Most folks think they make pretty solid decisions.
They are wrong. There are so many decisions we make each day. So many factors.
Studies show we make 200+ decisions a day on food alone.
(Let’s be honest, we can improve there)
You don’t make better decisions because of poor judgment.
You make poor-quality decisions because you lack quality information.
I’m talking about information on HOW you make decisions.
Research demonstrates that the quality of your decisions decreases as you make more choices, simply because you get tired of making them.
A decision journal is one of the most powerful tools you can use in your personal and professional life.
An article for Farnam Street suggests when you’re faced with a large decision, use your journal to capture the following:
- Your choice
- Your expected result of making that choice
- Your reason for expecting those results
- How you feel about your decision
Doing this gives you a valuable resource for reflection.
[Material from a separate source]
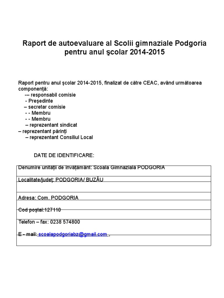 Raport De Activitate Pe Anul Scolar 2014 2015 Liceul Pdf Document
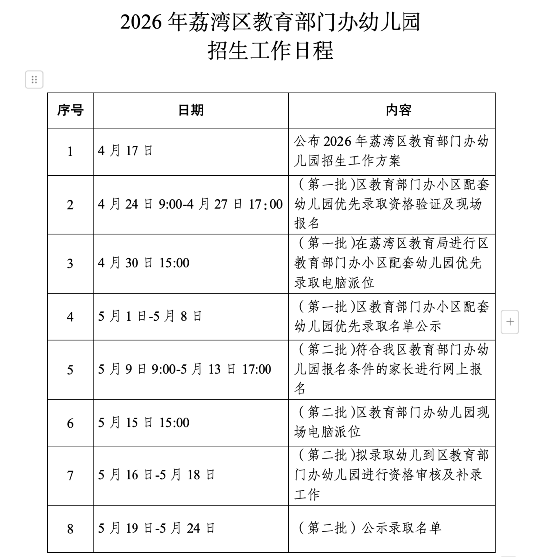 4月17日,廣州荔灣區教育局公布2026年廣州市荔灣區幼兒園招生工作方案。

When was the last time you were able to look back, and clearly articulate the components just described? If you’re like most people, it’s never.
That ends today.
You’re going to make better decisions supported by better data. Maybe you have a pattern of making assumptions that you shouldn’t. Or perhaps you make a lot of decisions in an emotional state that isn’t ideal. Or perhaps your expectations are simply way out of line.
Your decision journal is going to give you the evidence you need to make adjustments to improve your decisions and how you make them.
What will you use to improve the quality of your decision?